Health information and surveillance systems that prospectively track communicable and non-communicable diseases are now retrofitted with geocoded data to identify clusters and hot spots. Cluster analysis, a statistical method with which to identify hot spots, cold spots, spatial outliers, and similar features, is broadly applied in public health to target interventions ranging from Women, Infants, and Children (WIC) services [33] to naloxone distribution [34]. As social determinates of health become more acknowledged as lynch-pins for effective interventions, spatial dependence models placed within Bayesian hierarchical settings [35] provide flexible inferential frameworks to accommodate complex patterns of socioeconomic advantage and disadvantage in dynamic environments and create a proper assessment of uncertainty.
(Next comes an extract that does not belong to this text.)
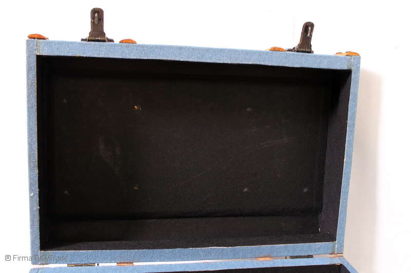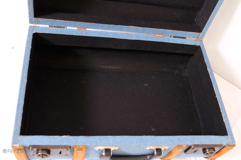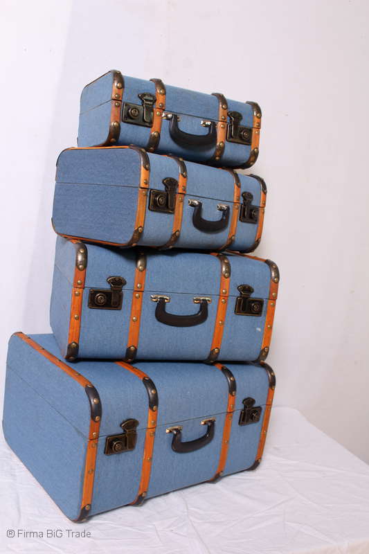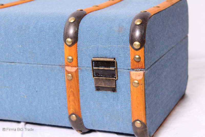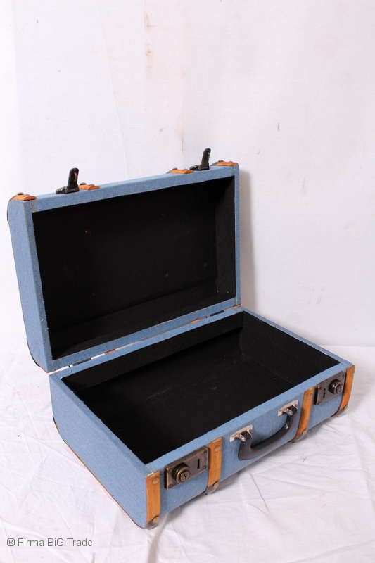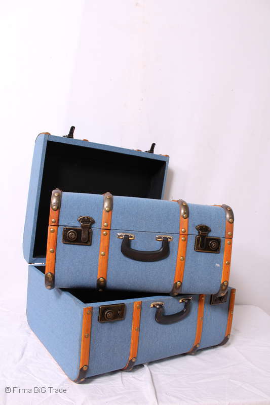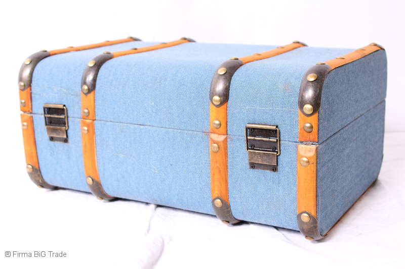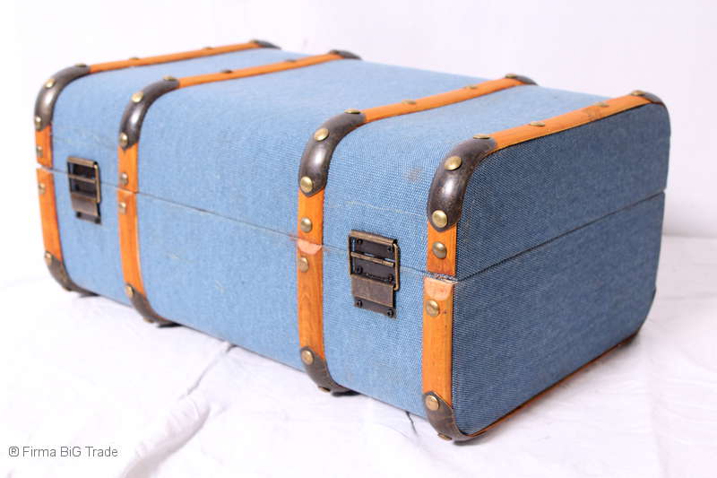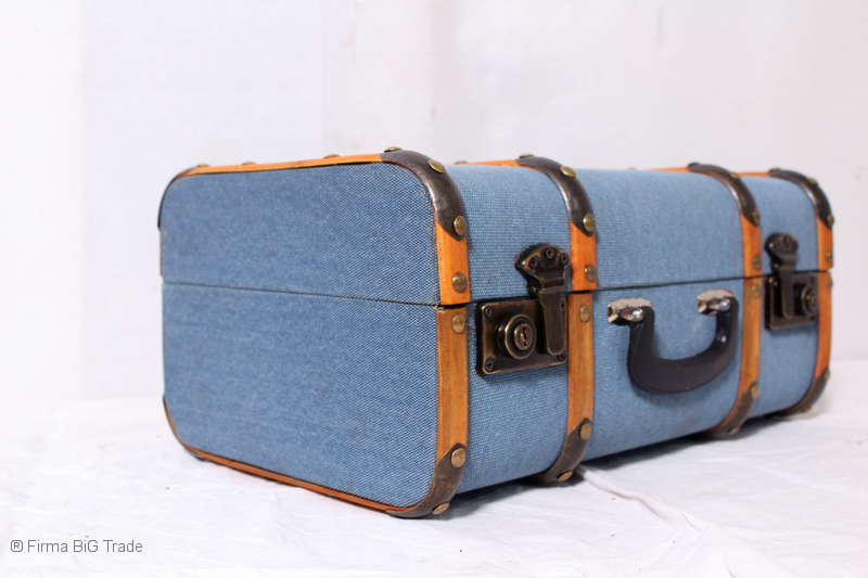 Angeboten wird ein schöner Oldtimerkoffer / Kutscherkoffer / Koffer im antiken Stil. Der tolle Koffer besitzt vorne einen Griff und 2 Schlösser ohne Schlüssel. Die Außenseite ist in einem schönen blau gehalten und mit halbrunden Holzlatten verstärkt, die Kanten sind mit runden Metallkappen verziert. Der tolle Koffer ist neu, kann aber hier und da kleine produktionsbedingte Fehler aufweisen. Wir bieten diesen Koffer in 4 Größen an.

Geospatial analysis is evolving to describe, predict and model communicable, non-communicable and zoonotic diseases. Mechanistic spatial models are being developed and tested to predict the transmission of infectious diseases through individual-based simulation, meta-population models or network models [36].. The Global Epidemic and Mobility Model, validated by empirical surveillance during the 2009 H1N1 pandemic, uses a spatial layer of population distribution coupled with a transportation network layer and a flexible manipulated model of disease transmission to predict epidemic spread that is accurate against a gold standard [37]. Various geographically weighted regression models can now tell us where to deploy leptospirosis prevention programs [38], for example, with greater spatial resolution and resource efficiency. Scan statistics, hot spot analysis and Poisson kriging (forms of cluster analysis and interpolation, respectively) can highlight incidence clusters of cardiac arrest for intervention programs ranging from bystander CPR trainings to AED placement [39, 40].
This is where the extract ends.